The Rise and Fall of Erwin Rommel
In this well-known but undated photograph taken in North Africa, famed German commander Erwin Rommel (left) stands in his staff car. According to the U.S. National Archives the image appears to show Rommel visiting the 15th Panzer Division somewhere in the Libyan desert between Tobruk and Sidi Omar circa 1941. Regardless of when or where exactly the photo was taken, Rommel appears here at the height of his powers. He had both tanks and infantry at his disposal, rugged terrain to explore and exploit and substantive freedom of action to pursue victories. His peaked service cap, scarf and goggles — the latter allegedly given to him by British Maj. Gen. Michael Gambier-Perry — became a signature part of his wartime image during his period of success.
Following his defeat at the Second Battle of El Alamein in late 1942, German war photographers took far fewer photos of the famous Desert Fox in the wilderness — Third Reich propagandists acted on the ethos that no news was better than bad news. Extant photos taken of Rommel in the desert while his star was declining show him appearing sickly, wrapped in a dark greatcoat and often wearing a different and shoddier-looking service cap.

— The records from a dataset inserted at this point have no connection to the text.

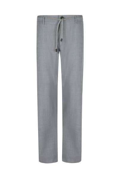 Брюки серого цвета из ткани с клетчатой фактурой и замшевой отделкой на задних карманах идеально подойдут для повседневного изысканного образа. Модель свободного кроя с поясом на кулиске и застежкой на молнию и пуговицу.
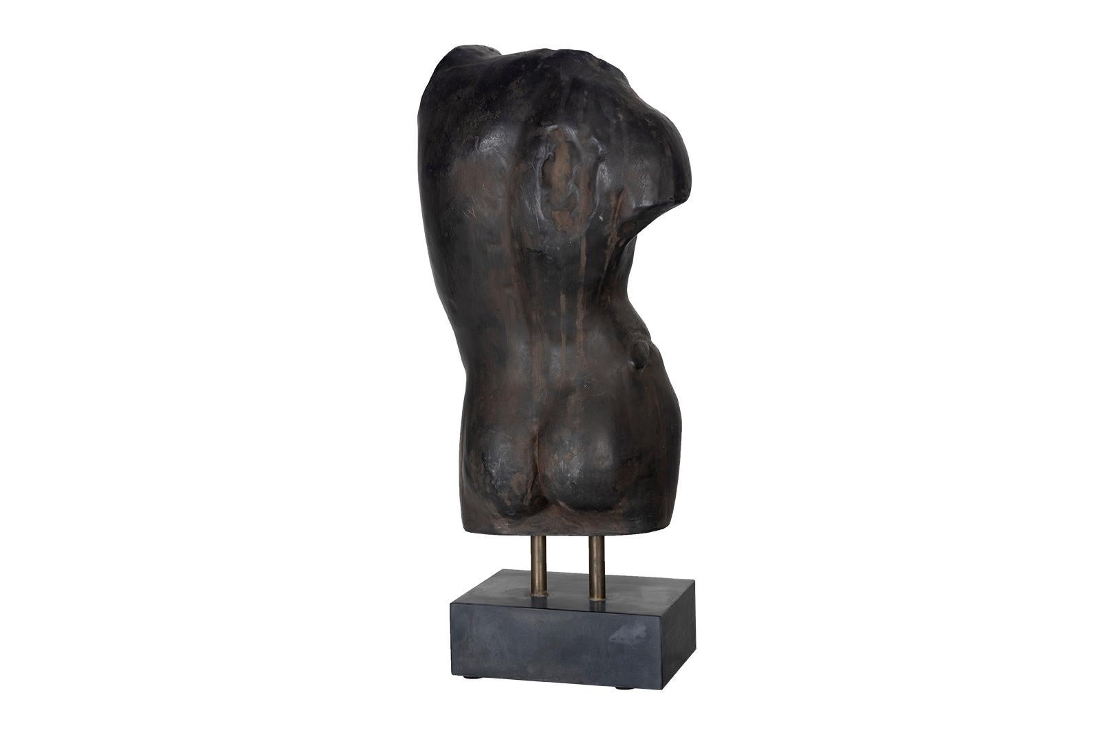 Scultura moderna francese in gesso bronzato di un torso maschile nudo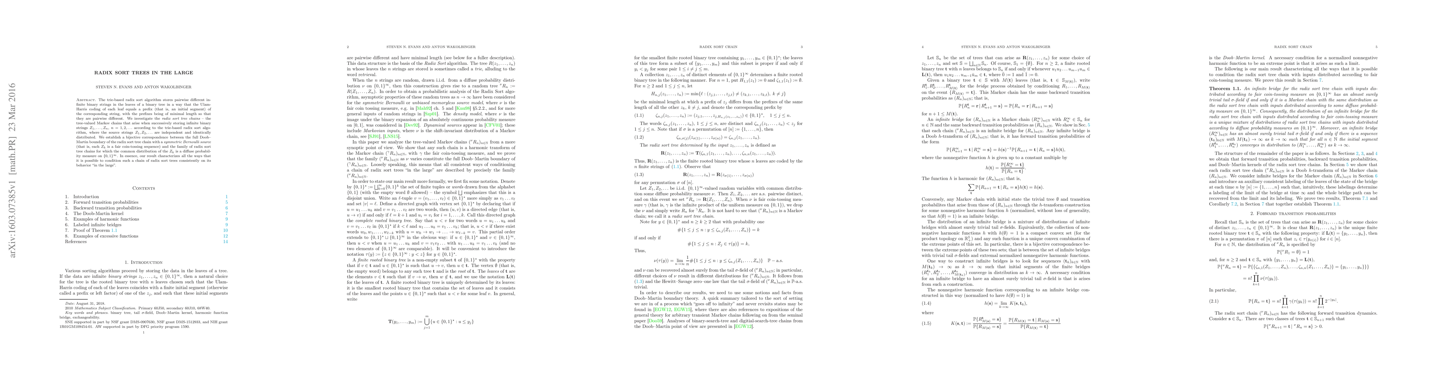This paper explores radix sort trees, specifically focusing on trie-based radix sort algorithms for storing infinite binary strings. It establishes a connection between the full Doob-Martin boundary of radix sort tree chains and symmetric Bernoulli sources, characterizing the consistent conditioning of these chains based on their long-term behavior.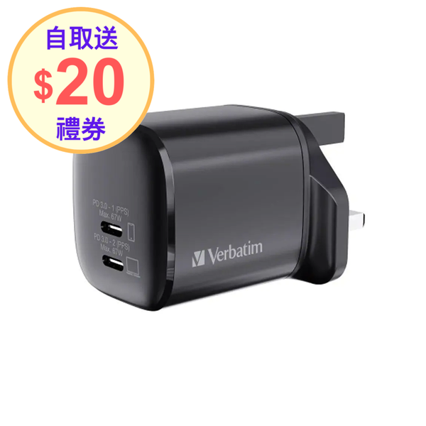 Verbatim 2端口GaN充電器採用先進GaN技術打造,以超小尺寸為您的流動裝置提供高達67W的快速充電功率,兼容大多數配備Type C的手提電腦和設備充電,體積超細,能輕鬆放入手提電腦袋中。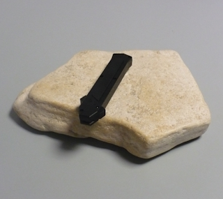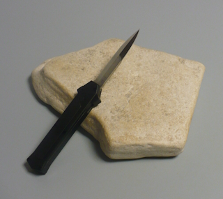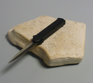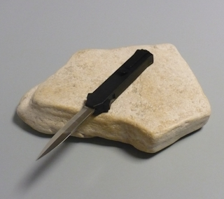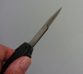 Coltello a scatto frontale 20,50 Cm. impugnatura in alluminio teflonato nero con inserto in acciaio nero Lama baionetta |

After Rommel’s forces lost in North Africa, the once feted Field Marshal disappeared from German military newsreels altogether until Adolf Hitler’s High Command decided to exploit his former fame for propaganda purposes as he inspected the Atlantic Wall in 1944. Rommel by this time was no longer the same military commander who had achieved daring victories in the desert. In his memoirs and personal letters, he expressed bitterness and a deep-seated anger about the higher conduct of the war, especially regarding the fate of his troops who fought in North Africa.